[COLLECTED DATA Boundary: Start]

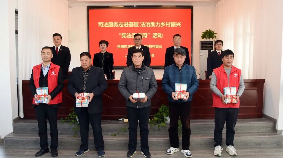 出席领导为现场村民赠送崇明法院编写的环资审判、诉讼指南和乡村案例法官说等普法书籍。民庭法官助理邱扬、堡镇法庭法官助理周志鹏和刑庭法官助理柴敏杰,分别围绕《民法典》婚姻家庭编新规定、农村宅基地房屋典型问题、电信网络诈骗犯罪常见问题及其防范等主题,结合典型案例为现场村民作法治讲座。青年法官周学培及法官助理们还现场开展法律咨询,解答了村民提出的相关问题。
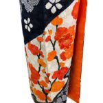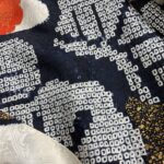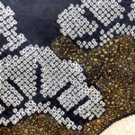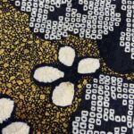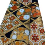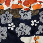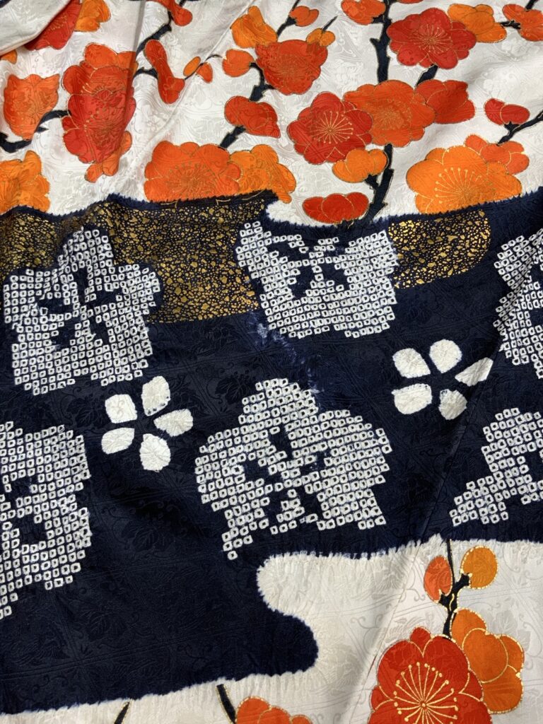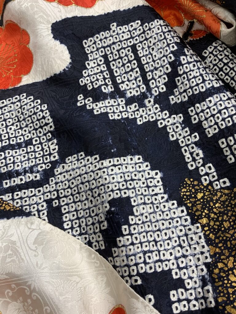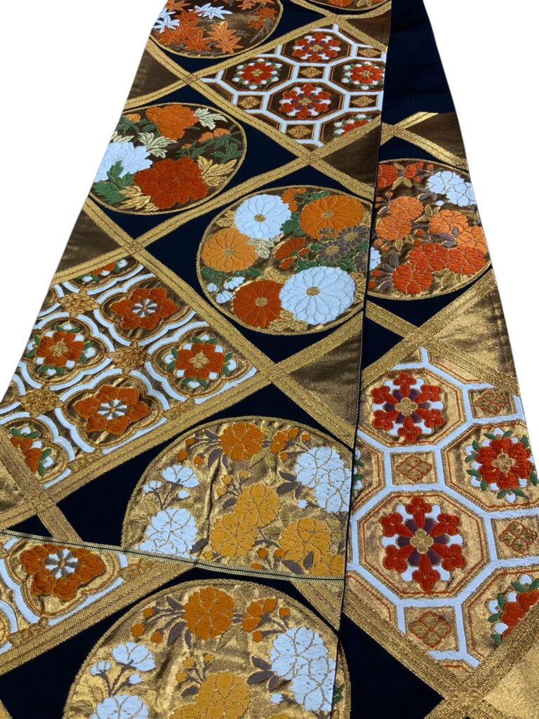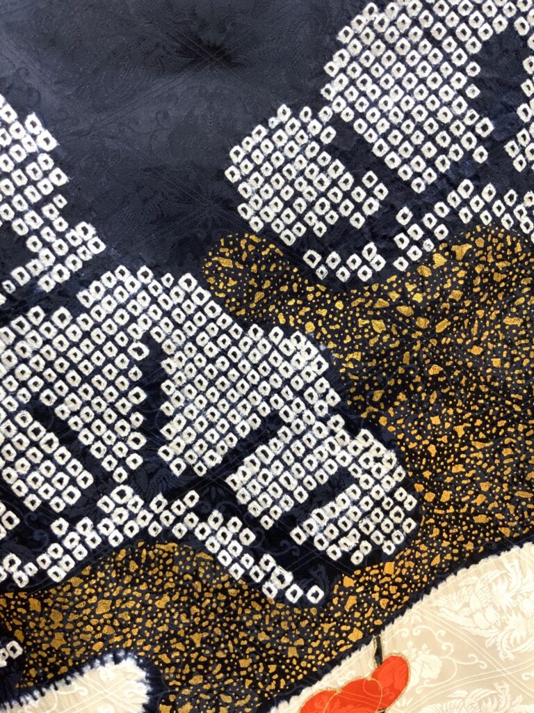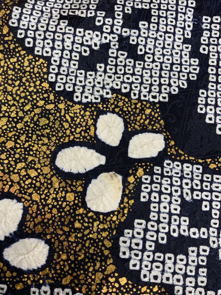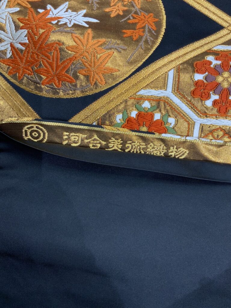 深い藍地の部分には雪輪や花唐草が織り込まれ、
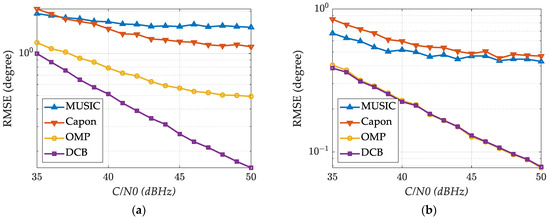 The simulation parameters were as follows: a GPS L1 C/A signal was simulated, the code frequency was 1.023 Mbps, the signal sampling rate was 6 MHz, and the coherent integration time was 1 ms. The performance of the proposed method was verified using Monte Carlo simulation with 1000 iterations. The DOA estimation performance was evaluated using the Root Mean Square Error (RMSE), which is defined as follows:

[COLLECTED DATA Boundary: End]

*ASSIGNMENT*
From the line containing "深い藍地の部分には雪輪や花唐草が織り込まれ、" through the last line of the listing, inclusive, transcribe every line exactly and nothing else; the pictures stay out.

*RESULT FOR THIS EXERCISE*
 深い藍地の部分には雪輪や花唐草が織り込まれ、
 The simulation parameters were as follows: a GPS L1 C/A signal was simulated, the code frequency was 1.023 Mbps, the signal sampling rate was 6 MHz, and the coherent integration time was 1 ms. The performance of the proposed method was verified using Monte Carlo simulation with 1000 iterations. The DOA estimation performance was evaluated using the Root Mean Square Error (RMSE), which is defined as follows:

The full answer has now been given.